Data entries:

------

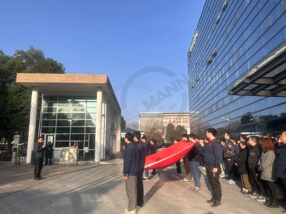 开工仪式在庄严的国歌声中拉开序幕,五星红旗在晨光中冉冉升起。伏尔肯全体员工整齐列队、身姿挺拔、神情庄重,面向国旗行注目礼,共同祈愿祖国繁荣昌盛、国泰民安。
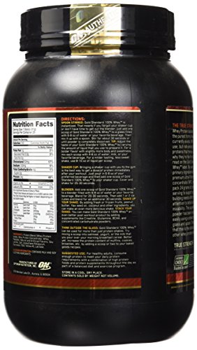 Optimum Nutrition's Gold Standard 100% Whey uses pure Whey Protein Isolates as the primary ingredient. Combined with ultra-filtered whey protein concentrate, each serving provides 24 grams of all-whey protein and 5.5 grams of naturally occurring Branched Chain Amino Acids (BCAAs) which are prized by athletes for their muscle building qualities. With more than 20 tempting flavors to choose from, ON’s Gold Standard 100% Whey gives you plenty of ways to keep workout recovery interesting. Search "ON Apparel True Strength" to see our new ON clothing line!Feature
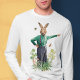 Legal design que apresenta um coelho em roupas de rico num campo de flores.
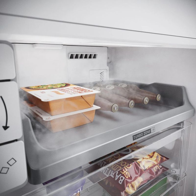 Lugar de alimento é na prateleira que você quiser! Tecnologia que distribui o ar frio igualmente na geladeira, deixando todos os compartimentos com a mesma temperatura, para você organizar tudo do seu próprio jeito.
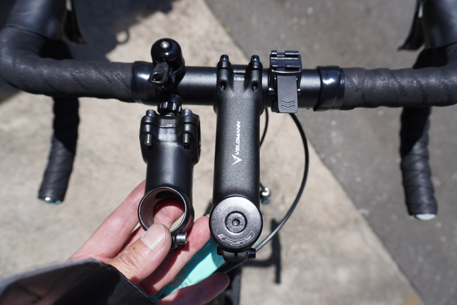 ということで、ステムを早速交換してみた。 長さは60mmで、ものはアマゾンで買った安物。 これで良ければメーカーには拘らないので、このままで良いが、もう少し短いのも注文してみたので連休中に届いたら試してみる。
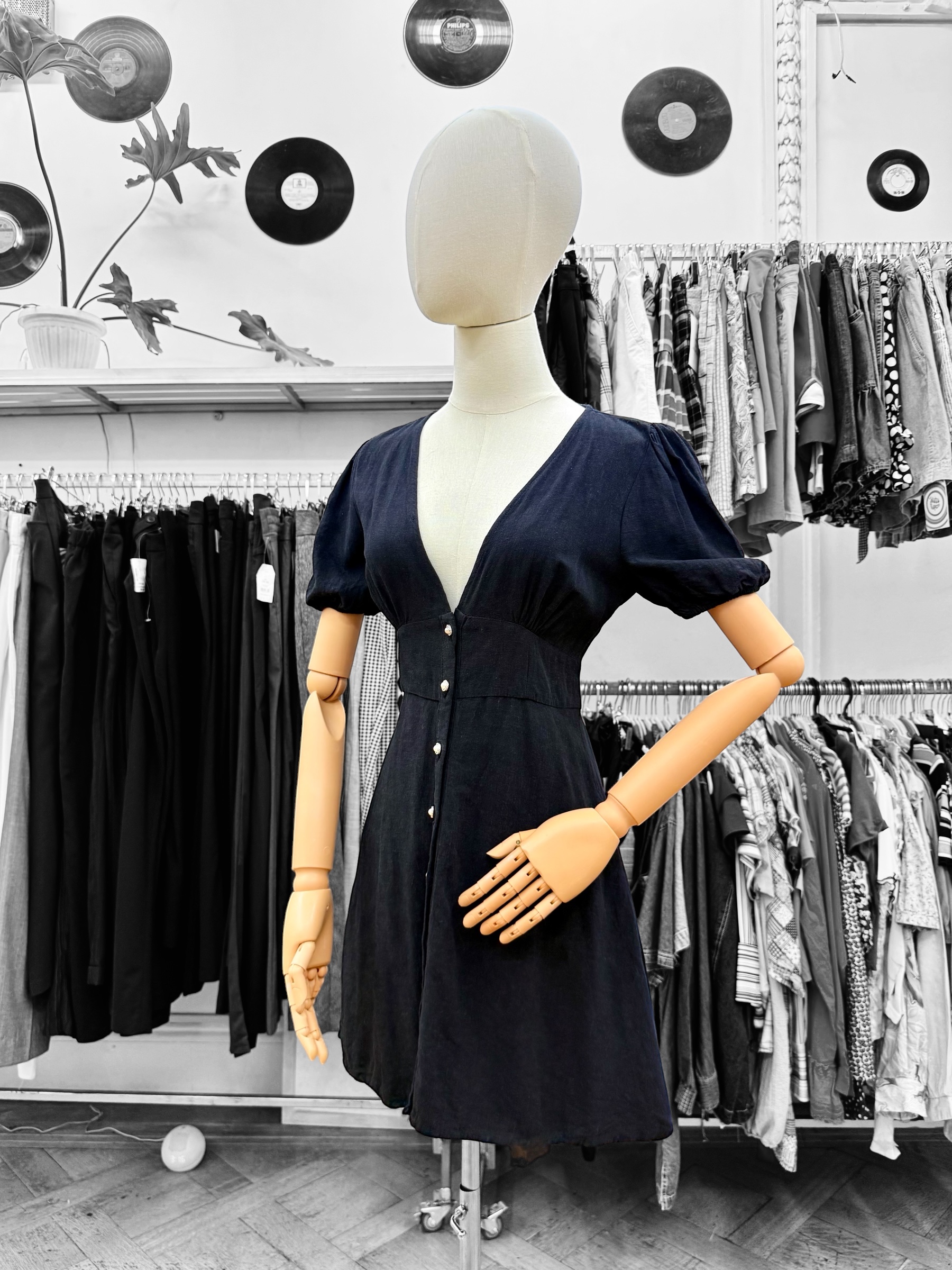 Este vestido negro de segunda mano destaca por su escote en V profundo, botones frontales y mangas cortas ligeramente abullonadas, que aportan una silueta delicada y favorecedora.

------

Work order:
Copy out exactly the lines that begin at the line with "Lugar de alimento" and end at the final line of the entries above. Leave out the pictures.

Exercise output:
 Lugar de alimento é na prateleira que você quiser! Tecnologia que distribui o ar frio igualmente na geladeira, deixando todos os compartimentos com a mesma temperatura, para você organizar tudo do seu próprio jeito.
 ということで、ステムを早速交換してみた。 長さは60mmで、ものはアマゾンで買った安物。 これで良ければメーカーには拘らないので、このままで良いが、もう少し短いのも注文してみたので連休中に届いたら試してみる。
 Este vestido negro de segunda mano destaca por su escote en V profundo, botones frontales y mangas cortas ligeramente abullonadas, que aportan una silueta delicada y favorecedora.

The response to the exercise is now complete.